I remember second grade. I remember that our classroom met in a modular trailer behind the building because the school was overcrowded. I remember the hypnotic way my teacher, Mrs. Smith, spun the dry erase marker between her fingers while she was teaching. I remember her as acerbic, and even as a seven-year-old knowing it was kind of a rude way to talk to kids. I remember that a killdeer built a nest next to the trailer. When we lined up to go inside to use the restroom, we all kept tabs on the eggs. I remember the shock when we learned some older kids had smashed the eggs.
It’s not that this feels tender, but I can get the feelings to pop if I concentrate. It’s a Magic Eye. When I unfocus, it all slides away again. I know my second grader’s inner life must be at least as rich as mine was but it’s hard to grasp, to accept. I find myself every other day hoping that this isn’t the memory that embeds for him for all time. Not this one please.

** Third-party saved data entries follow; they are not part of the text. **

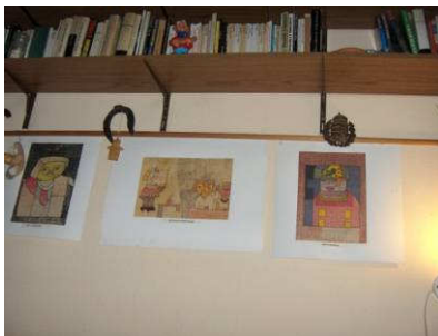
Buday Attila festményei lányom nappali szobájában.

tetteikért megbűnhődnek, hogyan el ne feledjék sosem: a Jóisten nem bottal ver!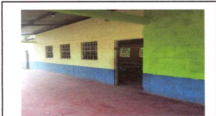
Foto 3: 9. Pintura en muros exteriores e interiores. 9.1 Pintura en muros exteriores e interiores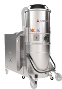
TX Contenitore camera e struttura in acciaio INOX AISI 304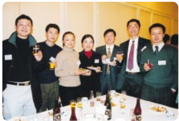
「四川省からの留学生、海外技術研修員たち」

12/21 法務省は、山梨県内への東京入国管理局出張所の設置を認めました。平成14年、春、甲府市内に新設されました。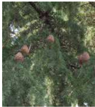
枝につくマツボックリ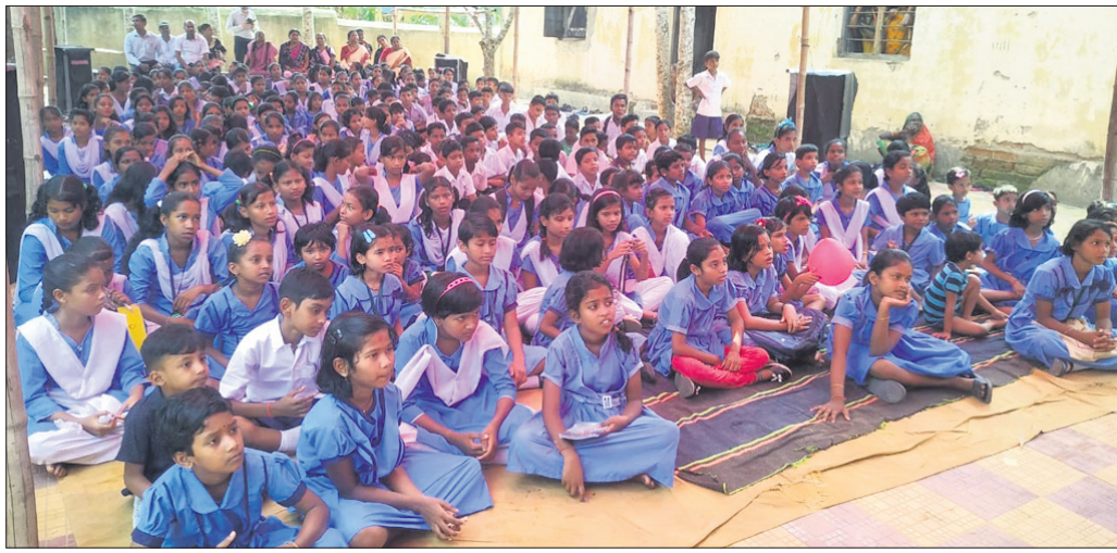
କାର୍ଯ୍ୟକ୍ରମରେ ଯୋଗଦେଇଥିବା ଶିକ୍ଷୟିତ୍ରୀ ଶିକ୍ଷକଙ୍କ ଗହଣରେ ଛାତ୍ରାଛାତ୍ରୀ ।

There is an encouraging refrain in early years of parenting that reminds you it isn’t a race. “He’s not going to go to college still wearing diapers!” “She won’t be in college still needing her paci at night.” But there are adults who can’t ride a bike. I know many adults who cannot swim. A writer I follow tweeted a seaside snap from some summer idyll and wrote something like, isn’t it nice how kids go on extended holiday and just kind of figure out how to swim? We can skip the implication that all kids go on holiday but….no? Actually, kids drown. Like, all the time.
Last summer, when I was waddling around the beach like a swollen tick, I vowed that Nick and I would not enter summer 2022 with three non-swimming children. I’d make swimming lessons happen for Desi, whatever it took. The alternative was too terrifying to me. How would three kids at the beach even work?
I don’t need to explain to you why that didn’t happen. It’s for the same reason that our Christmas decorations are still in boxes on the back patio, waiting to go up into the attic. These early primary school years are challenging the assertions on which I’ve previously coasted. That my job is to provide love, stability, comfort. To pull him up short if he’s being a dick, but mostly to get out of his way. I did not want to be a talent manager!! I wanted to have a family.
His camps this summer involved daily swimming. In order to swim without a life vest, the kids had to pass a swim test. They could take the swim test every day if they wanted, but once they passed, they were good for the week. They got a little green wristband if they passed. Desi was the only kid in his age group camp who had to wear a life vest. The only non-swimmer. He asked to take the test every day that he was there. And he failed every day.
By the middle of the summer, he started intentionally leaving his trunks and towel at home. He wanted to sit out rather than be the only one in a life vest. This made me feel like approximately like shit. The other kids were not sporting green wristbands because of some extraordinary inborn ability. It was because someone had taught them to swim. They had been talent-managed. It seemed like good parenting.
Our inaction felt like something different. Getting him to camp became a battle. I’d sneak his trunks into his backpack. He continued taking the swim test every day. I was proud of him for that. Even with decades more life experience, plenty of psychotherapy, and daily meds, I couldn’t tolerate that exposure to concentrated failure. And here he was (sorry) swimming in it.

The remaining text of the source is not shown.